*Task to carry out:*
Please give back only the lines below from the one containing "2025년 6월 15일 창립 47주년 감사 주일 예배 및 임직식 주보 > 주보" to the one containing "PRIMEIRO ARRANQUE Durante", each repeated word for word, both ends included.

*Input:*
╭──

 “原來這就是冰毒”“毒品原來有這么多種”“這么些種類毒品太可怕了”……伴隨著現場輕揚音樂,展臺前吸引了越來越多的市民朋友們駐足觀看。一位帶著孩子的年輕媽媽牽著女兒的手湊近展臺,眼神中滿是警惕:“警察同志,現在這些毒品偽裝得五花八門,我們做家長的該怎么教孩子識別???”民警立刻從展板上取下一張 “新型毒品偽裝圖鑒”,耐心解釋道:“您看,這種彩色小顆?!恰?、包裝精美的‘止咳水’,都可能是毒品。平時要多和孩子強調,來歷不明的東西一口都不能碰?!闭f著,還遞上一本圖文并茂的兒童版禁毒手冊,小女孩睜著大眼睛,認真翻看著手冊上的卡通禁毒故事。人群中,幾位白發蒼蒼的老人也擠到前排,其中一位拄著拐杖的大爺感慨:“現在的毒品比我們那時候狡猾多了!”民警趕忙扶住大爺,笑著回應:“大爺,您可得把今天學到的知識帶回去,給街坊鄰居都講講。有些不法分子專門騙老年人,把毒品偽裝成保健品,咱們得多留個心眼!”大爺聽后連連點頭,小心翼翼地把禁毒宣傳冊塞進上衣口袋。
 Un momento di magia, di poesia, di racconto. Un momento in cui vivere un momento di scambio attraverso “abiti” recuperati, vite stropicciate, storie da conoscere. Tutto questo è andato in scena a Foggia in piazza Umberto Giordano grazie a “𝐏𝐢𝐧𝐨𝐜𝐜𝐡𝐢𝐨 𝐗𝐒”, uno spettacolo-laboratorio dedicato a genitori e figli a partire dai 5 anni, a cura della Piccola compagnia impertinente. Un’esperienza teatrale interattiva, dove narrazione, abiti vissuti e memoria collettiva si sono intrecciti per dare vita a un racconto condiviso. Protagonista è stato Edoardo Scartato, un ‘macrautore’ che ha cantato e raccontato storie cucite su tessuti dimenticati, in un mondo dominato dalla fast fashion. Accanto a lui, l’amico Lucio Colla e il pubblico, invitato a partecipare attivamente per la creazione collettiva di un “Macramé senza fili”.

╰──
╭──

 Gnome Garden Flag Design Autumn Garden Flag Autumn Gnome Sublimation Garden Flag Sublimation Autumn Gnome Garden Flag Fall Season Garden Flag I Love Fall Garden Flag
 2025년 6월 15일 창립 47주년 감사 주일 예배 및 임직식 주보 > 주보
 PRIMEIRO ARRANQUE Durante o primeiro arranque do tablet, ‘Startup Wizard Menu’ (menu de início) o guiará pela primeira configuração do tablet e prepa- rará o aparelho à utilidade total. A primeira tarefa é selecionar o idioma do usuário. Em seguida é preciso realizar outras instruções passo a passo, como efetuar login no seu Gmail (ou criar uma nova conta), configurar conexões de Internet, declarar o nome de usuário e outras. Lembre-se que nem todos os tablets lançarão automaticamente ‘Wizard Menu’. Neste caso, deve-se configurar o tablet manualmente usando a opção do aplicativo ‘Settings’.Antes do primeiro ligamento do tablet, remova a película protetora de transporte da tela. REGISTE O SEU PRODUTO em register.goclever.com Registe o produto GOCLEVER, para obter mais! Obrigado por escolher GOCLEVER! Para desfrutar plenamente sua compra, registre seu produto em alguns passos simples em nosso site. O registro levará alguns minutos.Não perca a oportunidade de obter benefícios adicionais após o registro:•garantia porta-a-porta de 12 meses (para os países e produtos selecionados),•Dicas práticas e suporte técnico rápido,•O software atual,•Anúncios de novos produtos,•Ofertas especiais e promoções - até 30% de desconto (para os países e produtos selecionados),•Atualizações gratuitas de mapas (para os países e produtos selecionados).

╰──
╭──

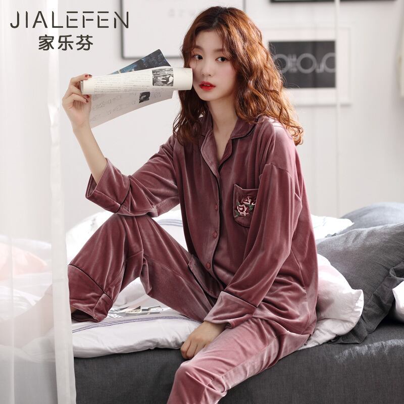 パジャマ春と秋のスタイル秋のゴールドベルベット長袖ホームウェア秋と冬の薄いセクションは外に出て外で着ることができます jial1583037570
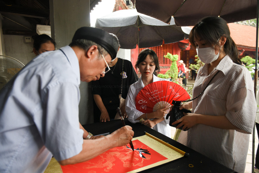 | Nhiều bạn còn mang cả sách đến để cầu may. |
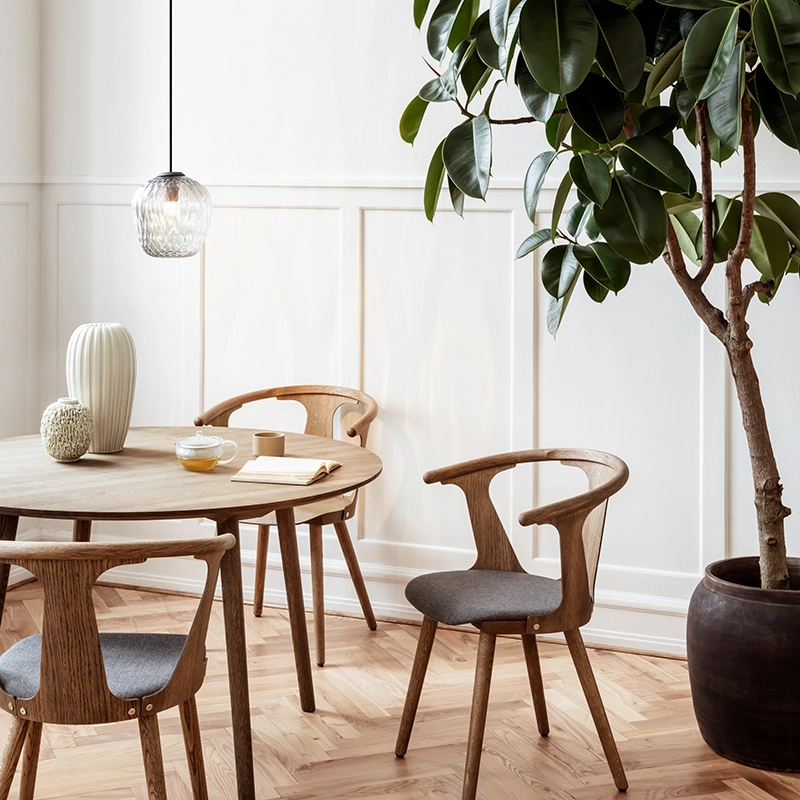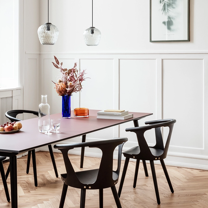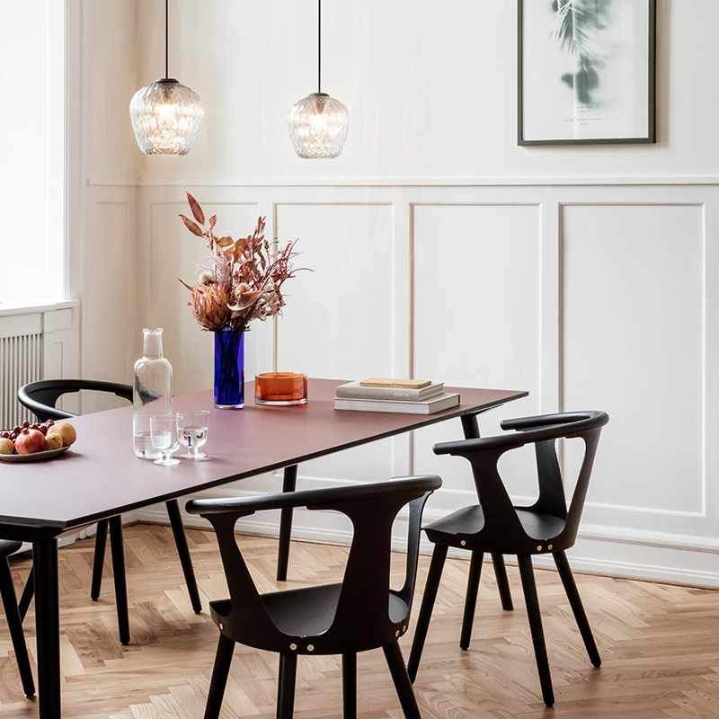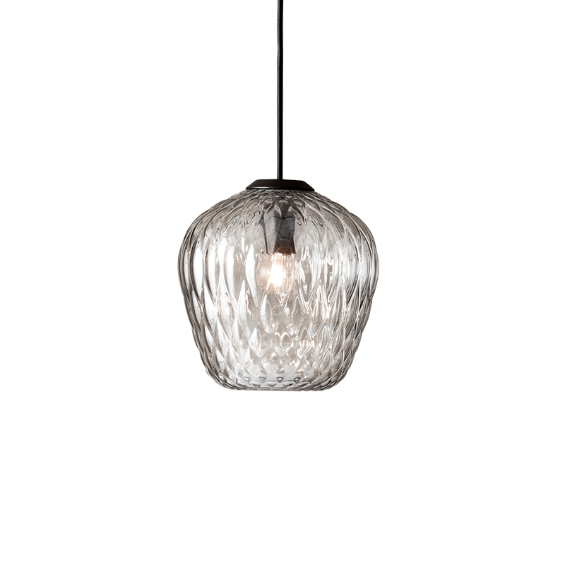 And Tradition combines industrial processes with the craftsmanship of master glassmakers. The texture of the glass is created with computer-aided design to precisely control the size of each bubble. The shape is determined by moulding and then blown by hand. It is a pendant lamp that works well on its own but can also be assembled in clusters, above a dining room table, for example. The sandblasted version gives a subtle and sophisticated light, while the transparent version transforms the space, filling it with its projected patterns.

╰──

*Solution:*
 2025년 6월 15일 창립 47주년 감사 주일 예배 및 임직식 주보 > 주보
 PRIMEIRO ARRANQUE Durante o primeiro arranque do tablet, ‘Startup Wizard Menu’ (menu de início) o guiará pela primeira configuração do tablet e prepa- rará o aparelho à utilidade total. A primeira tarefa é selecionar o idioma do usuário. Em seguida é preciso realizar outras instruções passo a passo, como efetuar login no seu Gmail (ou criar uma nova conta), configurar conexões de Internet, declarar o nome de usuário e outras. Lembre-se que nem todos os tablets lançarão automaticamente ‘Wizard Menu’. Neste caso, deve-se configurar o tablet manualmente usando a opção do aplicativo ‘Settings’.Antes do primeiro ligamento do tablet, remova a película protetora de transporte da tela. REGISTE O SEU PRODUTO em register.goclever.com Registe o produto GOCLEVER, para obter mais! Obrigado por escolher GOCLEVER! Para desfrutar plenamente sua compra, registre seu produto em alguns passos simples em nosso site. O registro levará alguns minutos.Não perca a oportunidade de obter benefícios adicionais após o registro:•garantia porta-a-porta de 12 meses (para os países e produtos selecionados),•Dicas práticas e suporte técnico rápido,•O software atual,•Anúncios de novos produtos,•Ofertas especiais e promoções - até 30% de desconto (para os países e produtos selecionados),•Atualizações gratuitas de mapas (para os países e produtos selecionados).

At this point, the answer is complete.